Ward-Hamilton was grateful to Felmly and the heart team. “He's one of the best pediatric cardiac surgeons in the U.S., and somehow, we were blessed enough to land in his hands. You can tell, just being in that environment and being on the third floor and seeing the way they operate, it is a level of care – there's no way to describe it. It's so amazing.”

Headshot of smiling man in white doctor's coat. 
Dr. Scott Benjamin

But Kaiden’s troubles weren’t over. She developed new tremors in her body and problems with movement. A scan showed a possible injury to an area of her brain that could have led to these issues. 

The therapists working with Kaiden knew she’d need extensive rehabilitation once her condition was stable. So once it was safe to move her, she was transferred to the brand-new Pediatric Rehabilitation Unit in the MUSC Shawn Jenkins Children’s Hospital, led by Scott Benjamin, M.D., section chief of Pediatric Rehabilitation Medicine. It’s one of only two such units in the state.

“When I first met her, she was still in the ICU. She still had a lot of complicated medical management for her infection, heart and neurological issues.  She had just had heart surgery.  And then as things were progressing, I continued to follow her during those early stages of recovery.  She was a really, really sick kid, with serious infection, heart surgery and a long, really complicated course,”  Benjamin said. 

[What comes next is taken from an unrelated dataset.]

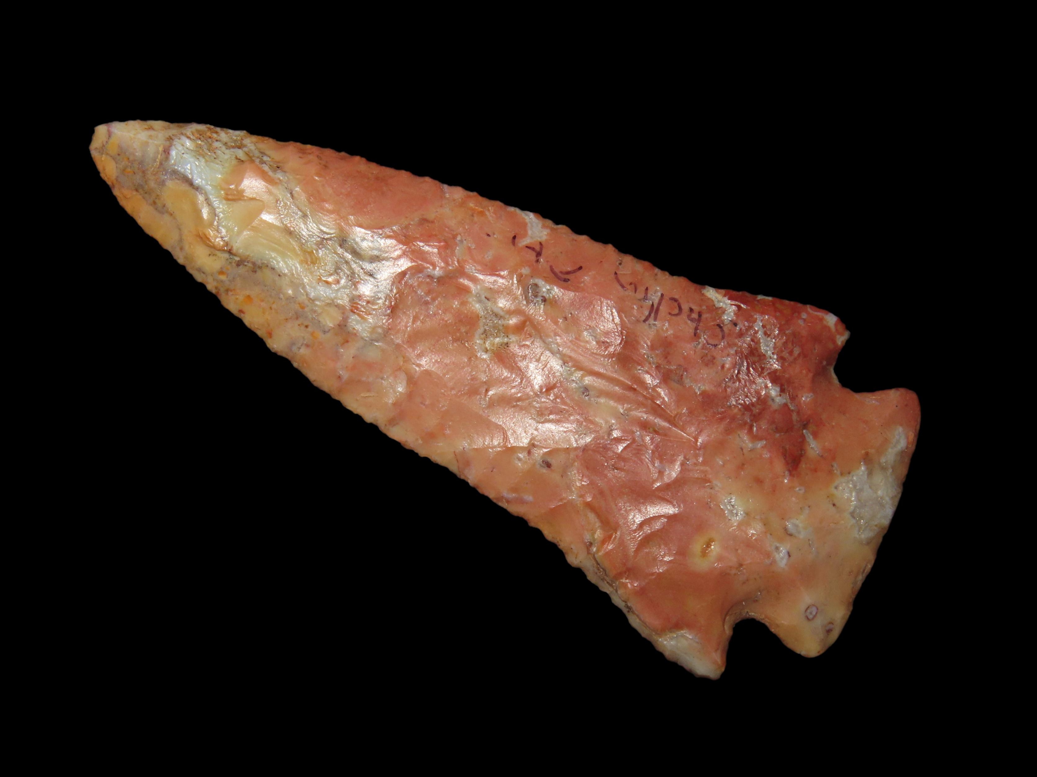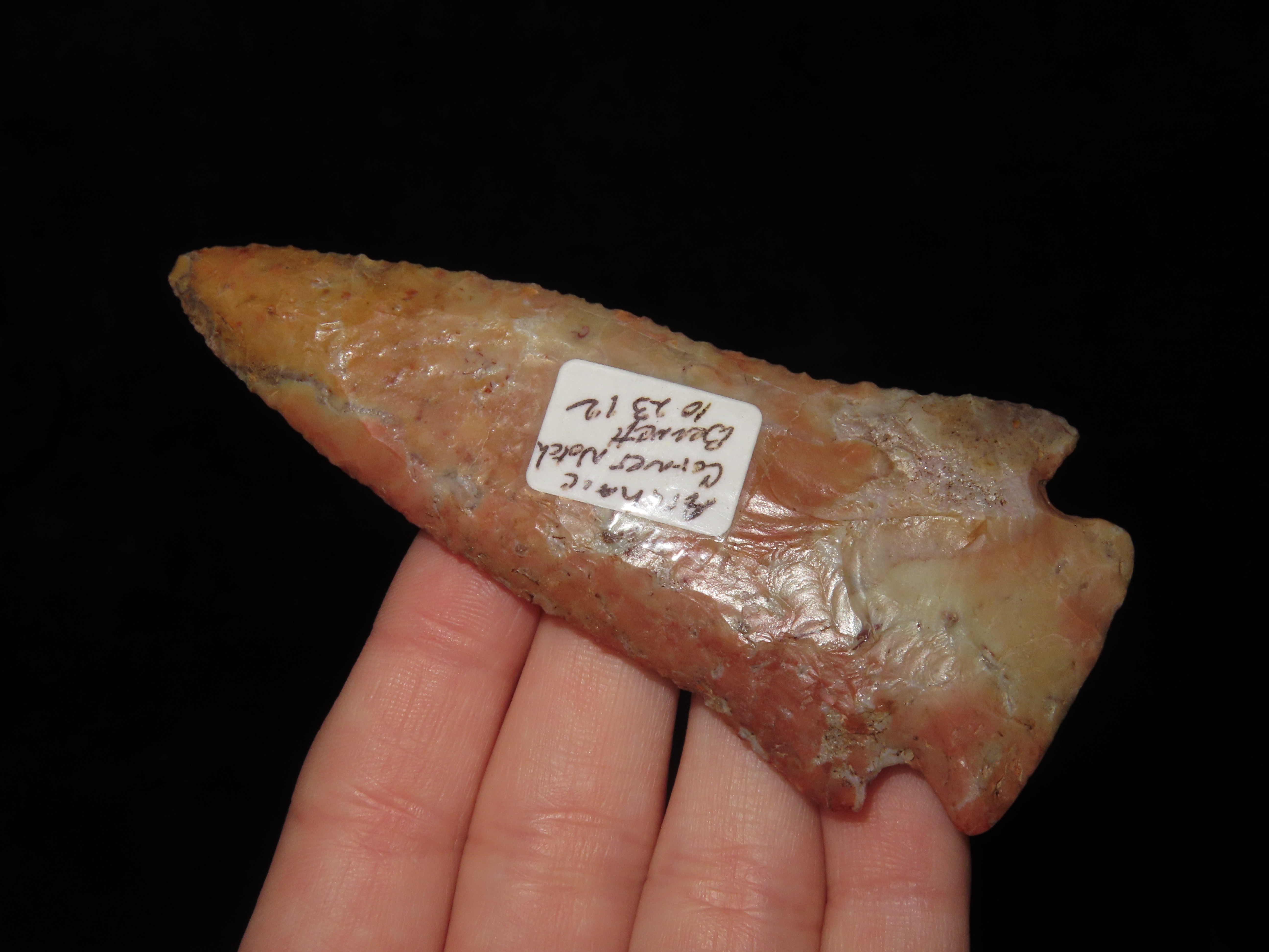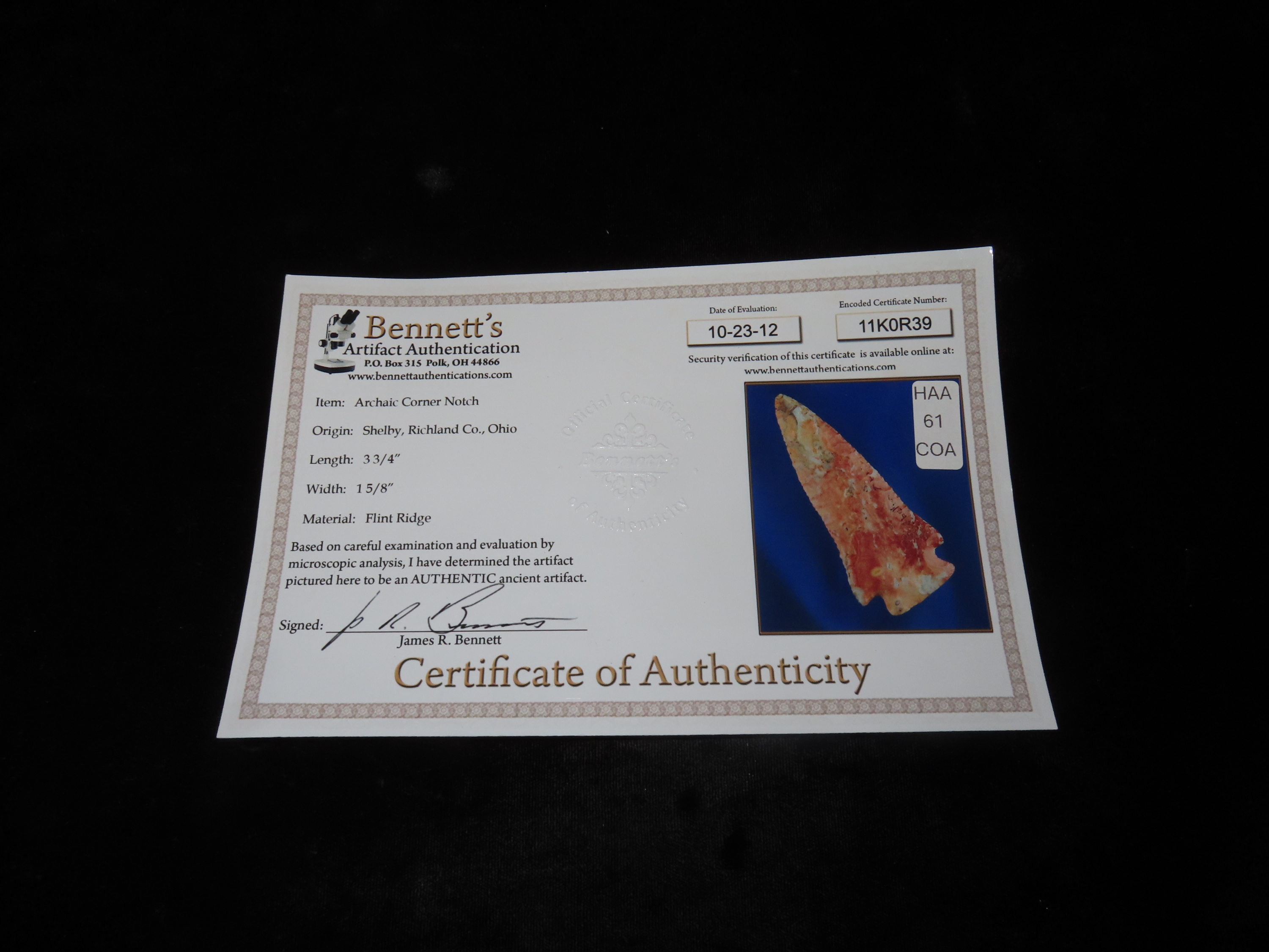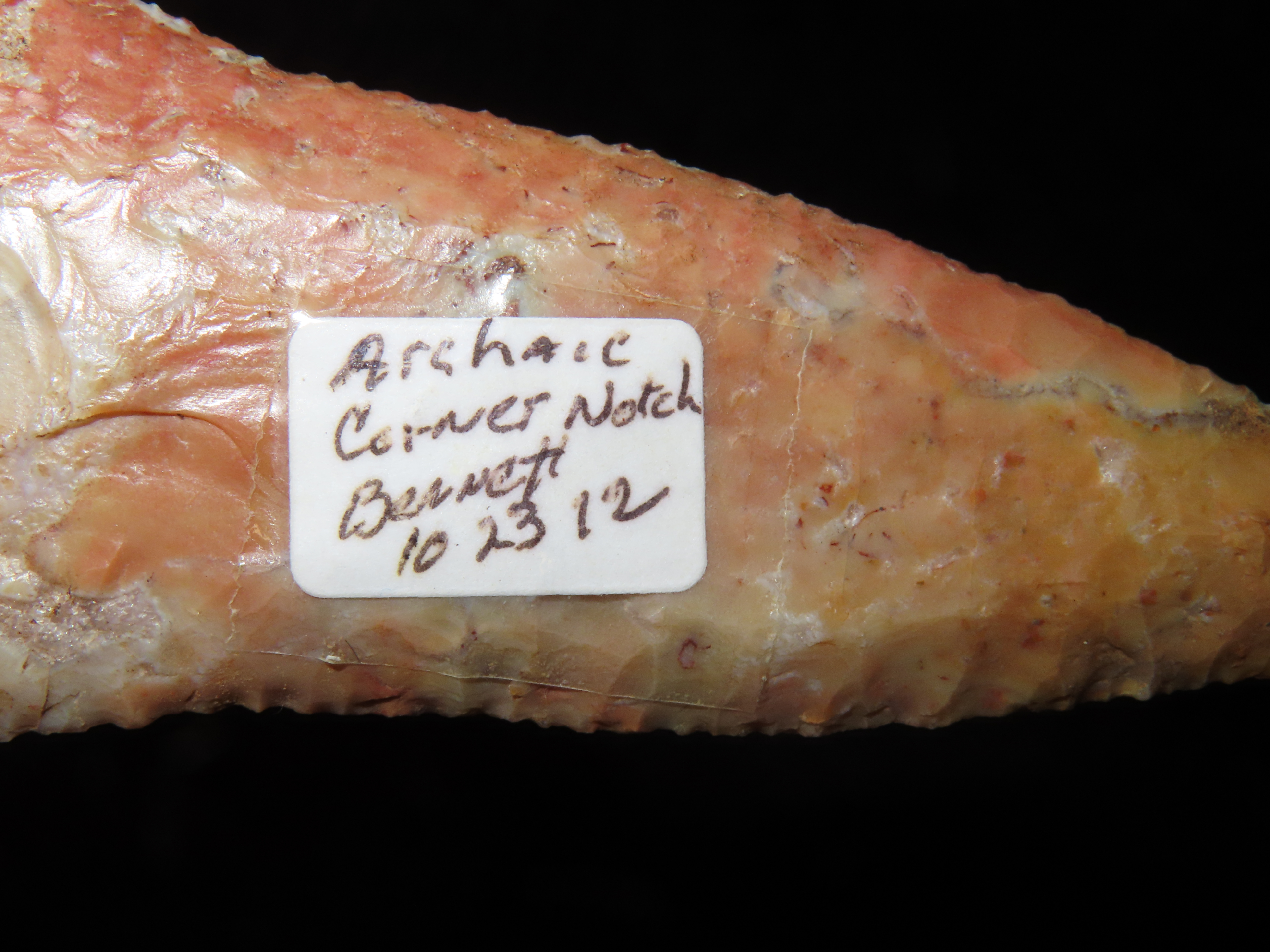 Incredible 3 3/4″ Archaic Corner Notch / Stillwell, Richland Co. Ohio. Bennett’s COA. Beautiful piece od Colorful Flint Ridge. Very well flaked example with outstanding color. Bought back on 2012 and has been tucked away ever since!

Little girl with pink bow in her hair walks down stairs with the help of a woman in blue medical clothes. 
Kaiden practices going down stairs with physical therapist Kali Decker. Photo by Julie Taylor

But complicated is his team’s specialty.  It not only has its own medical experts such as Benjamin but also access to other specialists, including physical therapists, occupational therapists, speech therapists and members of the Child Life team, which is trained in understanding how kids react to illness and being in the hospital. 

As Kaiden slowly healed both physically and emotionally under the rehab unit’s care, she bonded with her care team. “She made a family there,” her mom said. 

“All of the nurses and all of the staff love her. They all love their KK. They watched her, just her personality. We used to talk about it when she was on ECMO. I was like, ‘Wait till you guys see her real personality,’” Ward-Hamilton said with a laugh. “And now they see it and they just say, she's a diva.”

A diva who, a few months after her arrival in Charleston, was well enough to leave the hospital on her own two feet – with a little assistance. Benjamin said Kaiden still has a long recovery ahead, one he’ll be keeping an eye on. “She's made a ton of progress.”

To get to that point, she’d needed the care of many of the hospital’s specialty teams,  including cardiology, cardiothoracic surgery, neurology, gastrointestinal care, intensive care, infectious disease, nephrology, pulmonary and rehab medicine, in addition to the physicial therapy, occupational therapy and speech therapy in the pediatric inpatient rehab unit. Benjamin said her case shows how important it is to have all of these services available and coordinated at the MUSC Shawn Jenkins Children’s Hospital.

Kaiden’s mother agreed. “This team has done everything in their power to get her here. Every hospital should function the way this one does. There is literally a team on call for everything you can think of. And in my daughter's case, she needed that. She needed nephrology, hematology, pretty much all the ologies. All of it led us here. And we get to take our little girl home.”